Wednesday, March 25, 2015

Differing forms of 'truth'

About the principle that individuals always act to maximize their own expected utility, Blackburn asks, "Are we dealing with a human universal, characteristic of us simply through our species-wide natures, or with a very specific cultural self image: the ideology of 'possessive individualism' or Western capitalism?" (135). Here, Blackburn questions whether we can truly understand a model based on self-interest as a universal one, or whether it is based fundamentally on the culture it developed from. In response, he says that there are three possible statuses about the principle, that the thesis be "an empirical truth," a "normative truth," or "analytical or definitional" (135). Blackburn asks a fundamental question about philosophical accounts that can be used to evaluate the critical assumptions taken to be true within philosophical models, such as the economic one.

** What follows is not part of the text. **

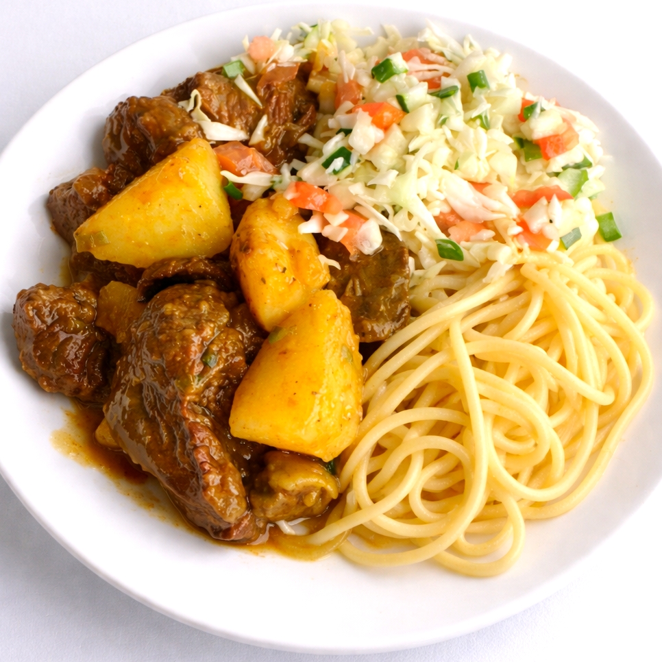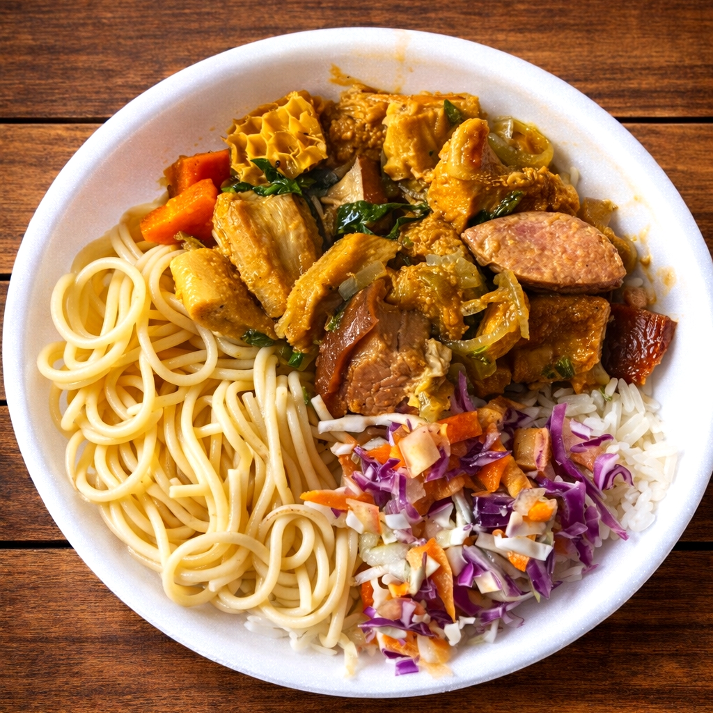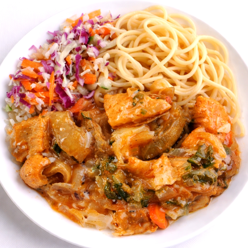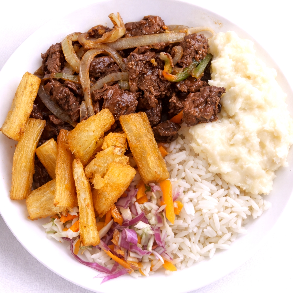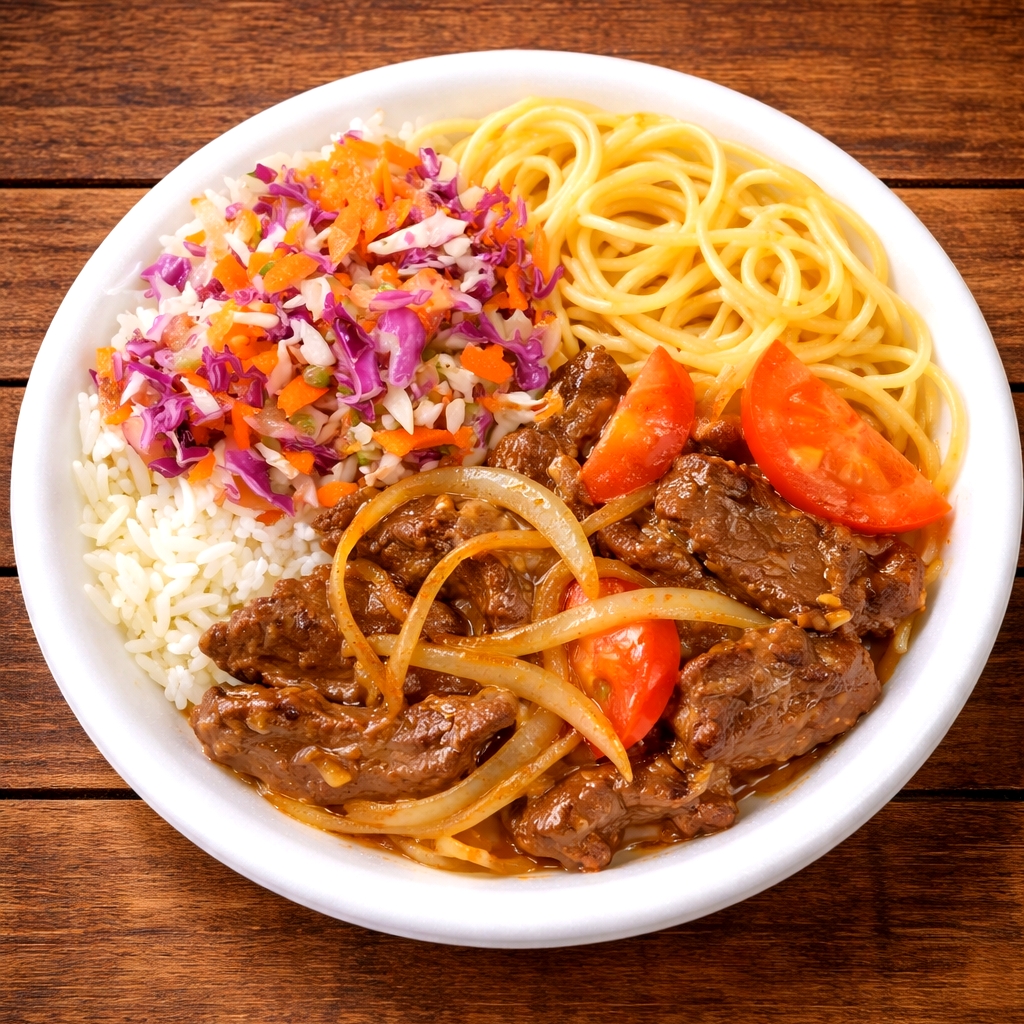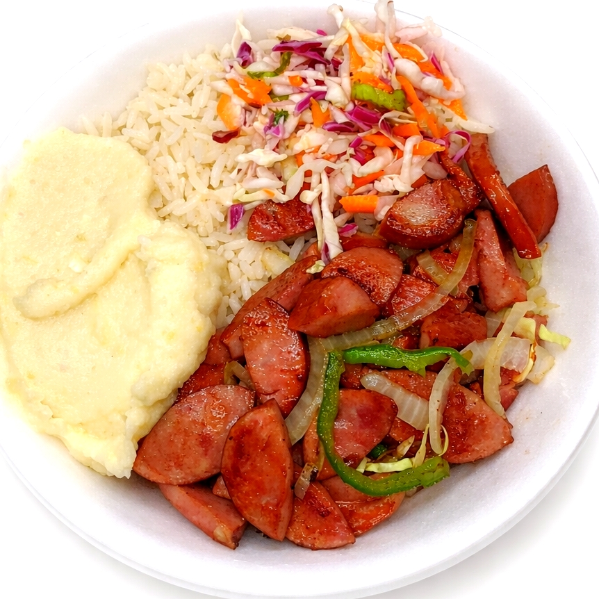 Acompanha arroz, macarrão, salada, feijão e farofa

Blackburn again stresses the difference between theoretical and empirical accounts when he discusses the Prisoners' Dilemma (177). He says that the problem includes both a theoretical game and an empirical game, the first representing how individuals perhaps would act under a given type of society while the latter explaining how individuals actually do act (and how it is rational for them to do so). Both accounts are important to Blackburn: the first is an exercise under which we can see how convention/culture will define how individuals in a society ought to address collective action problems. In doing so, individuals can consciously decide how they ought to be like how parents will try to raise their children to act given their notions of how others act within society. The empirical dilemma allows some people to "...co-operate, or play dove....defect, or play hawk" without being "rational or irrational because of that" (182). Because this game focuses on how individuals actually do act, it permits persons to value results (positive and negative) unequally as we do in real life.

Regardless of the completeness of Blackburn's account, I think he is right to emphasize the distinctness of the role's that empirical and theoretical versions serve. We ought to always assess each account by the type of account it is describing so that we can better evaluate the validity and completeness thereof.

1 comment:

  1. I agree and I think that his arguments about game theory, intentions, and truth are rather enlightening in the context of our discussions of self-interest and rationality. Situations differ. People differ from one another. People differ individually. Therefore "to invoke a blanket diagnosis of 'irrationality'" can be, in many circumstances, "useless."